Creating the Webbd Wheel: Sex
In which we speak frankly ...
The Webbd Wheel series is about holistic connection and community. Holistic means a concern with a complete system rather than separate parts. I’ve written extensively about holistic management and how it works in my blog, Harvesting Stones.
We are social beings, and we form family and kin groups as well as tribes, cultures, and communities.
I cannot write about connection and community without including sexuality.
For many, sex is the Great Unmentionable. I don’t need to list the innumerable ways in which religion, trauma, and capitalism have damaged our relationships to our bodies and sexuality. Most of us have direct experience of such influences, which is tragic.
Sex is at once one of the most simple and primal drives and the most complicated, confusing, dangerous form of connection we make with others. Biologically, our sexuality compels us during out reproductive years in ways we can’t control and don’t understand well. If we incur trauma to our sexuality, and most of us do in some way at some time, it can become twisted and distorted, a hidden, shameful unhealed wound in our psyche.
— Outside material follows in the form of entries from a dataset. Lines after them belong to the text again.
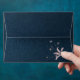 elegant pink flowers on navy blue wedding envelope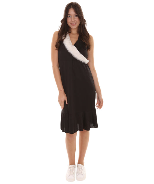 Answer: Men can style the Women's Flapper Costume in black by adding a feathered headband and a long string of pearls. This costume, with its fringed design, captures the glitz and glamour of the Jazz Age, making it ideal for a Gatsby-themed party.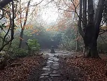 The flora of Gillies Hill is intricately entwined with its history. The Murray family who built Polmaise Castle in 1865, created landscaped gardens incorporating many of the exotic coniferous trees that still grace the woodland. Like much of 19th Century British aristocracy, the Murrays were enamored with planting landscape gardens filled with newly discovered plants from around the world. Often these outdoor plant collections included tall conifers imported from North America. A fine example of this is the grove of Sierra Redwoods (or Wellingtonia), Sequoiadendron giganteum, growing at the apex of Gillies Hill. These five Redwoods were planted in the 1860s by the Murray family along the walk from the castle to the large natural loch that was once on the upper portion of Gillies Hill, but was lost to quarrying. If left undisturbed, these giants could well live over 3000 years and attain a mass of over 1400 cubic meters potentially becoming the most massive trees in Scotland.[6] Along with others of that era, these trees may have been grown from some of the first Sequoiadendron seeds brought to Scotland by John D. Matthew in 1853 and given to his noted horticulturist father Patrick Matthew of Gourdiehill near Errol in Perth Shire who then gave many of the seedlings away to friends and family as living gifts. Unfortunately, the five redwoods on the top of Gillies Hill are within the quarry zone. Efforts are currently being made to try to save the grove.

Our cultural distrust around our sexuality is destructive. A biological imperative we were shaped to obey, like all the rest of life, has become a matter of shame, a dangerous and violent arena for power struggles, and an ideological backdrop for things like women’s and children’s rights and sexual orientation.
It’s a hairball, and it’s a difficult thing to take on as a writer because it’s such an inflammatory topic. But the reason it’s inflammatory is that so many of us avoid talking about it. We avoid admitting we are sexual beings. Some of us avoid any kind of sexual contact at all.
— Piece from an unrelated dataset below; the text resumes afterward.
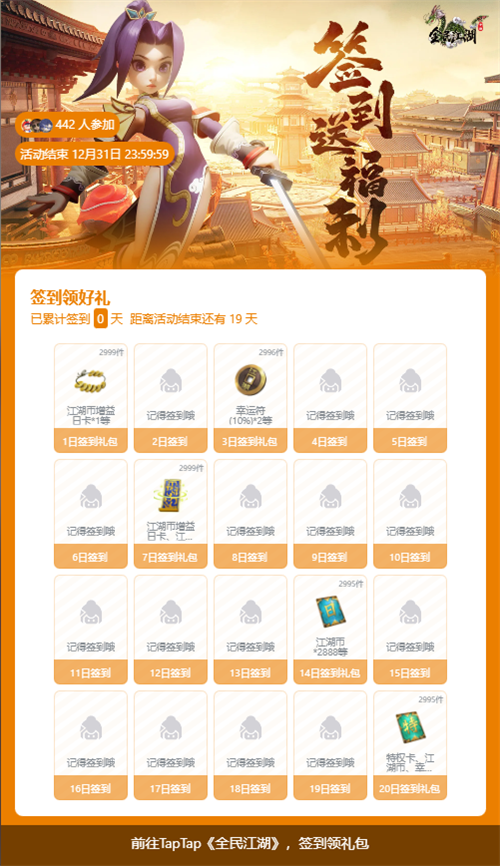 >礼包获取方式:前往TapTap软件搜索《全民江湖》,找到置顶签到活动帖子,点击立即签到,达成相应签到天数即可领取礼包。

However, the commercial success of pornography in all its forms clearly shows we think about sex and sexual pleasure. We fantasize. We seek arousal and sexual release. We may never admit it. We may be extremely sexually active or celibate, but sexuality is part of our human experience, one way or the other. We can’t deny it any more than we can deny the need to urinate.
Definitions are important. A widely accepted distinction between pornography and erotica is that pornography is a tool solely for sexual arousal and release. Erotica is not an exclusive appeal to our desire; rather it’s an aesthetic exploration of sexuality and/or sensuality in many nuances and forms.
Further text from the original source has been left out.